## Work request
Repeat the data that follows exactly, starting at the line with "The Sleigh All Day Metallic Sweater Top features" and ending at the line with "Preklopna elegantna torbica", and leave out every picture.

START Extracted material

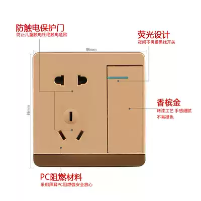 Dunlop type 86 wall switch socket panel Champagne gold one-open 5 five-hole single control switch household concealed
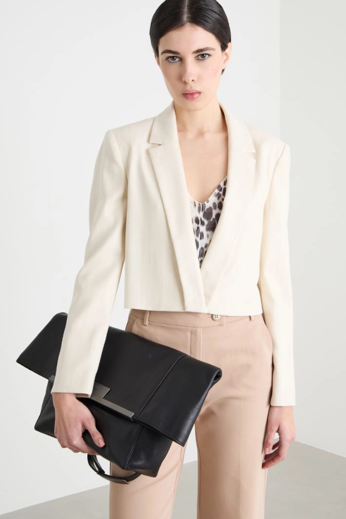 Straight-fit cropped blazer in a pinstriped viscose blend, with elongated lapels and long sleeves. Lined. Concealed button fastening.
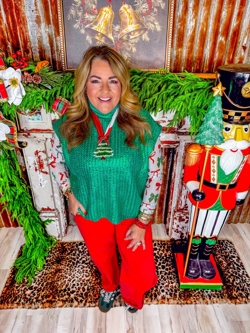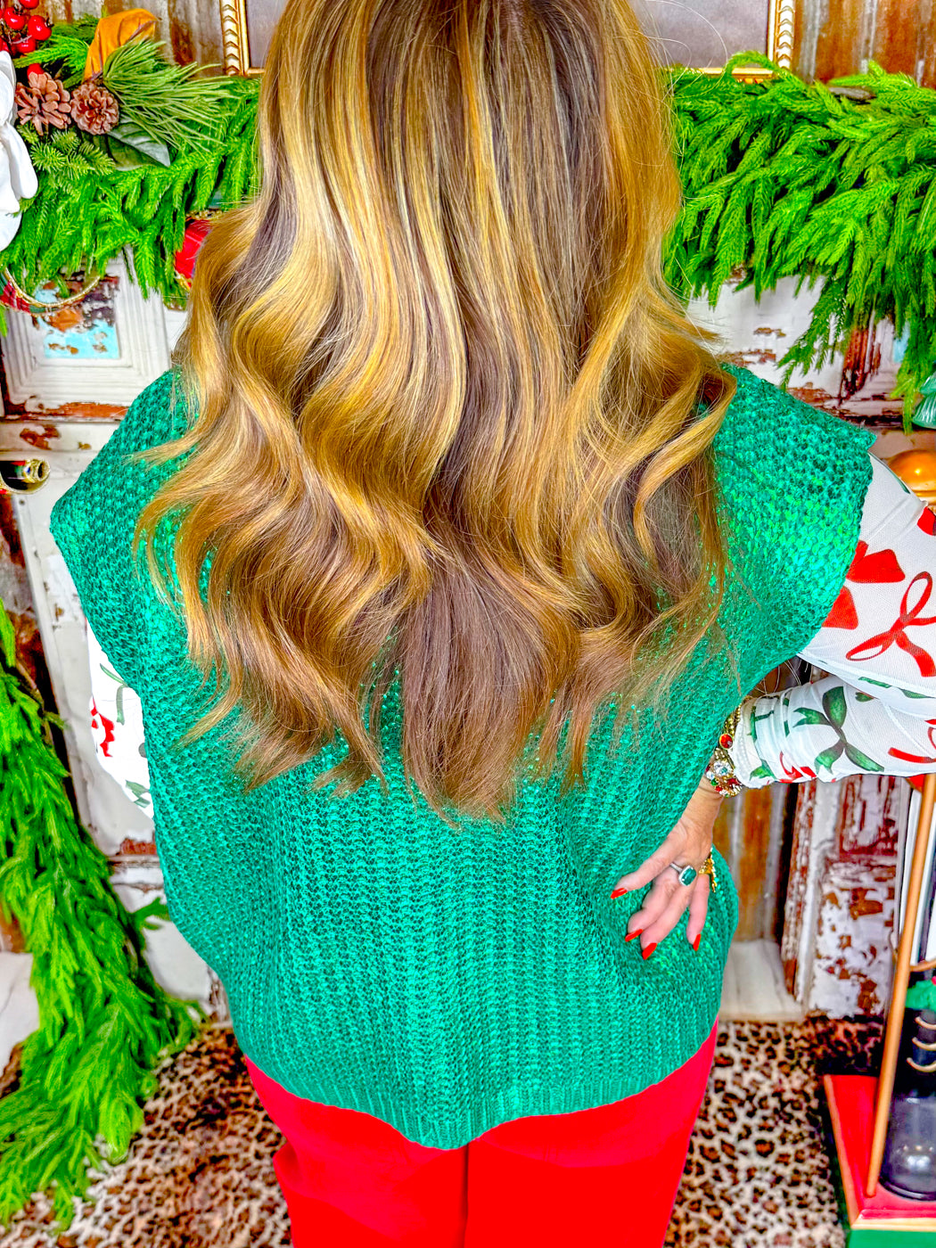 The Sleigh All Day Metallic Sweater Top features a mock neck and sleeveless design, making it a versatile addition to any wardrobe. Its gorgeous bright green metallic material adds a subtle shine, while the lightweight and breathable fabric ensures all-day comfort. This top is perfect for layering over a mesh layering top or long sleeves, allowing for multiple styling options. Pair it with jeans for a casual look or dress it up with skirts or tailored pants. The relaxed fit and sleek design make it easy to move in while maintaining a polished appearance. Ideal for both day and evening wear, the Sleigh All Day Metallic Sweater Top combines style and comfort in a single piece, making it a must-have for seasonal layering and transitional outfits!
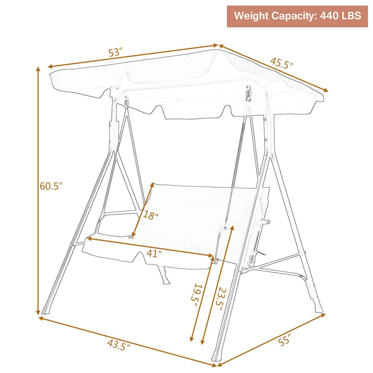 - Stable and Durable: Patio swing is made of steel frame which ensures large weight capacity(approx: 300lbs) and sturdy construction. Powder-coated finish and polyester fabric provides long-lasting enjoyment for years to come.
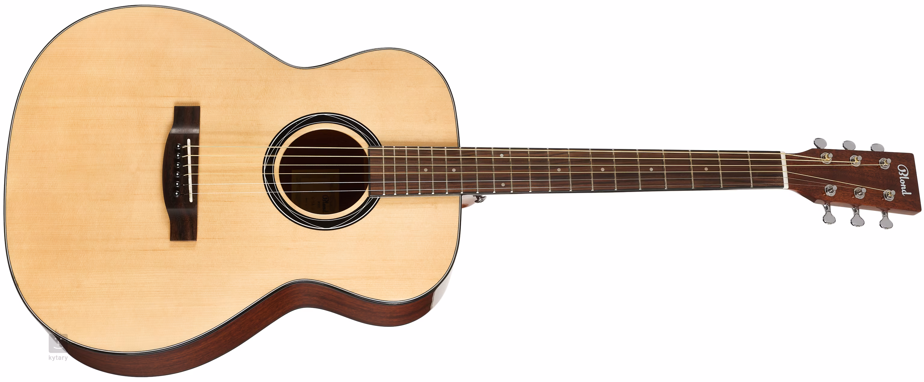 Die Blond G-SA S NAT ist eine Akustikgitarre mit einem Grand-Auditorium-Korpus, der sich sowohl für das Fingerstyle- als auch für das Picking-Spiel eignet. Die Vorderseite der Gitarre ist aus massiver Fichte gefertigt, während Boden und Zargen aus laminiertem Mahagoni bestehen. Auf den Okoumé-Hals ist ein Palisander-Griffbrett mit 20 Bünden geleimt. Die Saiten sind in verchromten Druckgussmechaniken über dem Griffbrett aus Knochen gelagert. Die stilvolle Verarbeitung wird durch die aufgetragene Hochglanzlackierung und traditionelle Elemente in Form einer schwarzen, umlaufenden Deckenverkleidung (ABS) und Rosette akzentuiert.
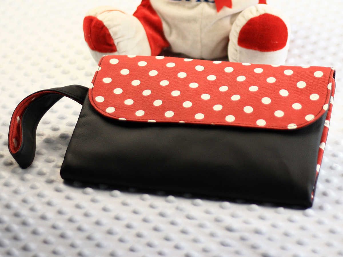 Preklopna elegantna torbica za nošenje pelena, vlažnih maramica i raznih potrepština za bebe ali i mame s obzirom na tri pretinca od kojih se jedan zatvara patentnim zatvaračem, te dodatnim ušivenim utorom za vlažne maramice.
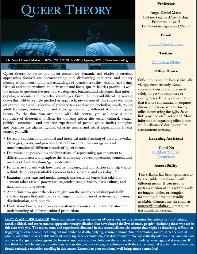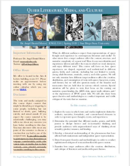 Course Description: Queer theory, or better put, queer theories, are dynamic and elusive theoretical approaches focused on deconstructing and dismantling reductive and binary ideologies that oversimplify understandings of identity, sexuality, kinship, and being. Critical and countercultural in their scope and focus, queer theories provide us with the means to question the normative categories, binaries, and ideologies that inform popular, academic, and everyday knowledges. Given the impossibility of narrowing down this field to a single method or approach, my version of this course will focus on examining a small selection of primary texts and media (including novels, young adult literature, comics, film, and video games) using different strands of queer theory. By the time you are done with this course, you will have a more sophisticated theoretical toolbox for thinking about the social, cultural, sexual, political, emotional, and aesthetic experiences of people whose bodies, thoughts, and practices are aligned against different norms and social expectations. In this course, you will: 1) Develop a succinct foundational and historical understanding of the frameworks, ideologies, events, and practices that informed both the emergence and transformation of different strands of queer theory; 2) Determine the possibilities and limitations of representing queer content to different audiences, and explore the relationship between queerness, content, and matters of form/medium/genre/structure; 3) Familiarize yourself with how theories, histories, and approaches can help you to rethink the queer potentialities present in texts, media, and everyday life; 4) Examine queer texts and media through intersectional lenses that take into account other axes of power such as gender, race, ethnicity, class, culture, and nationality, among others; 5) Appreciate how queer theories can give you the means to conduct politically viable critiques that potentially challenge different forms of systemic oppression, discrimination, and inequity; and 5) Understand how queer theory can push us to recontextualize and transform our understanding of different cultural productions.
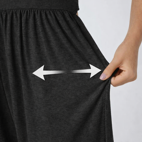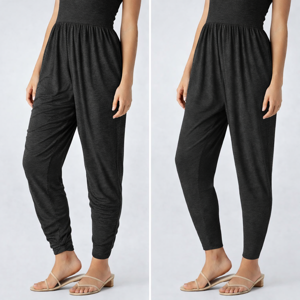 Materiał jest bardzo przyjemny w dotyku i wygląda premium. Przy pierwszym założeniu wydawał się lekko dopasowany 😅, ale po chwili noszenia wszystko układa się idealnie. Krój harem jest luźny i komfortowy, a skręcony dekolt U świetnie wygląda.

END Extracted material

## Exercise answer
 The Sleigh All Day Metallic Sweater Top features a mock neck and sleeveless design, making it a versatile addition to any wardrobe. Its gorgeous bright green metallic material adds a subtle shine, while the lightweight and breathable fabric ensures all-day comfort. This top is perfect for layering over a mesh layering top or long sleeves, allowing for multiple styling options. Pair it with jeans for a casual look or dress it up with skirts or tailored pants. The relaxed fit and sleek design make it easy to move in while maintaining a polished appearance. Ideal for both day and evening wear, the Sleigh All Day Metallic Sweater Top combines style and comfort in a single piece, making it a must-have for seasonal layering and transitional outfits!
 - Stable and Durable: Patio swing is made of steel frame which ensures large weight capacity(approx: 300lbs) and sturdy construction. Powder-coated finish and polyester fabric provides long-lasting enjoyment for years to come.
 Die Blond G-SA S NAT ist eine Akustikgitarre mit einem Grand-Auditorium-Korpus, der sich sowohl für das Fingerstyle- als auch für das Picking-Spiel eignet. Die Vorderseite der Gitarre ist aus massiver Fichte gefertigt, während Boden und Zargen aus laminiertem Mahagoni bestehen. Auf den Okoumé-Hals ist ein Palisander-Griffbrett mit 20 Bünden geleimt. Die Saiten sind in verchromten Druckgussmechaniken über dem Griffbrett aus Knochen gelagert. Die stilvolle Verarbeitung wird durch die aufgetragene Hochglanzlackierung und traditionelle Elemente in Form einer schwarzen, umlaufenden Deckenverkleidung (ABS) und Rosette akzentuiert.
 Preklopna elegantna torbica za nošenje pelena, vlažnih maramica i raznih potrepština za bebe ali i mame s obzirom na tri pretinca od kojih se jedan zatvara patentnim zatvaračem, te dodatnim ušivenim utorom za vlažne maramice.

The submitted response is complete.